Page 27 of The Alias Agenda


Font Size:

I crept into the hallway on silent feet and saw a large figure coming in the front door. The afternoon light blazing in the front windows backlit the figure to the point I couldn’t make it out.

I raised the umbrella, ready to strike, and let out a shout that was half scream and half battle cry.

“Whoa!” Bray said and threw up his arms. I came inches from hitting him with the umbrella. “It’s me!”

My heart nearly punched a hole right through me. I took a heavy breath and searched for my bearings. “What are you doing here, Bray?”

He wore a duffel bag looped over his shoulder. He held a set of keys in the hand he had raised like he was telling me not to shoot. “You told me to come over.”

Memory of our texting conversation fought its way back through the adrenaline screaming in my veins. “You could have knocked! You’re lucky I didn’t hit you!”

He quietly laughed and eyed the collapsed stick of black nylon in my hand. “With all due respect, that’s an umbrella.”

I shot a glare at him. “Do you want to see what kind of damage I can do with an umbrella?”

He visibly swallowed at the threat in my voice.
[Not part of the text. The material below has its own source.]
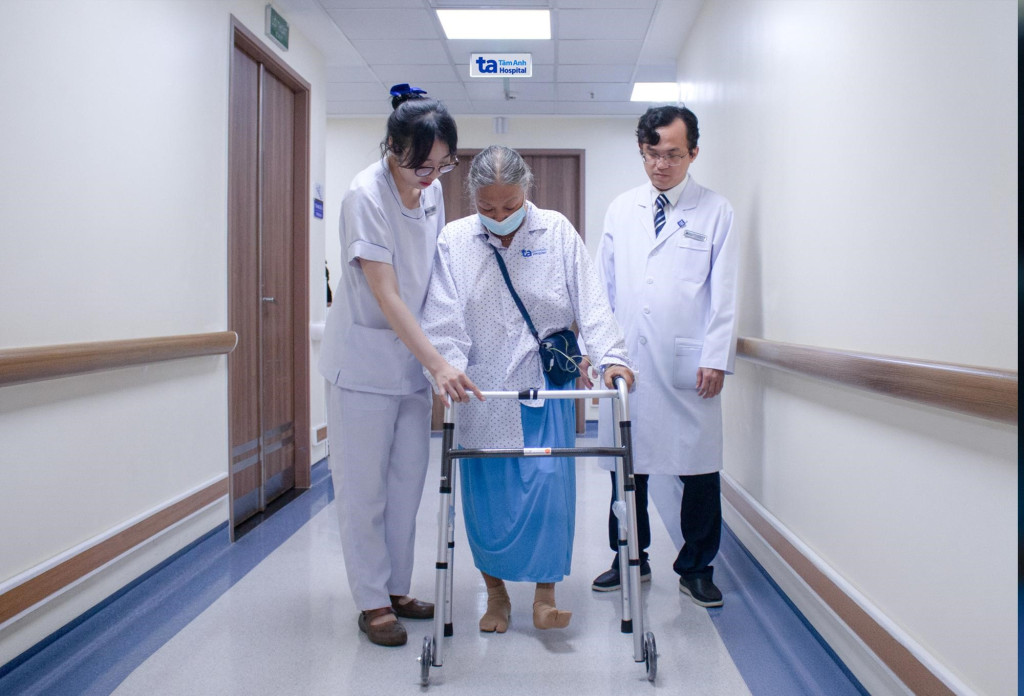 Bà Hồng tập đi lại ngay sau phẫu thuật thay khớp gối bằng Robot AI CUVIS-Joint (Ảnh: BVĐK Tâm Anh)

“Why do you even have a key?”

He paused and frowned. “Who do you think stocked your house?”

The realization landed like a stone on my head. Thought of Bray picking out groceries for me and changing my linens struck me as odd. It also put a curious warmth in my chest; he had obviously done it with great care.

“Oh,” I said, and tossed the umbrella on the coffee table, still a little rattled.
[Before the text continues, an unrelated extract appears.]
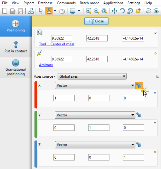 Then click on the button Pick grip end and position the center of the grip as needed:

A few beats of silence passed between us.

He adjusted the strap on his shoulder. “So,” he eventually said, “it would be good to set these up facing the street. I was thinking one in the dining room and one in the bedroom.”

I thought of making a snarky comment about one at the front door to catch intruders too, but I kept quiet. Instead, I gestured to the dining room. “Be my guest.”
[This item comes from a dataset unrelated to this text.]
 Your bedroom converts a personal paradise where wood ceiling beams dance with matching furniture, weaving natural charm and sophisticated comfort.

He still wore the T-shirt and jeans he’d worn to the park and on our fake date. I watched the muscles in his back move when he walked past me and lifted the duffel bag from his shoulder.

“Do you want something to drink?” I asked him, the words tumbling from my mouth.

He cast a look back at me. “Sure.”

I entered the kitchen and opened the fridge.

“I’ll take a seltzer,” he said before I even asked.

I smiled to myself at the thought that he knew what was in the fridge because he had put it there. I grabbed a silver can and tapped the top of it with my nails.

“So, did they, like, give you a budget and send you to Pottery Barn?”

He set the duffel bag on the dining table and unzipped it. “Something like that,” he said with a smile. He began pulling out a tangle of electronics: small circular cameras with little pedestal feet and dotted lights on their faces for night vision.

“Well, you did a good job,” I conceded and snapped open the can. I found a glass in the cabinet and poured it in.

“Thanks,” he said and took it when I offered. “For the drink and the compliment.”

“Mm-hmm.”

Something, perhaps his bulky frame in Saturday casual clothing standing in my dining room looking like a handyman come to fix my router, compelled me to keep probing.

“Is your house this nicely decorated?”

He pulled up the blinds a few inches to balance the smallcamera on the windowsill. Then he bent over so he was eye-level with it and left me staring at his back pockets. “I mean, I try, so I’d like to think so.”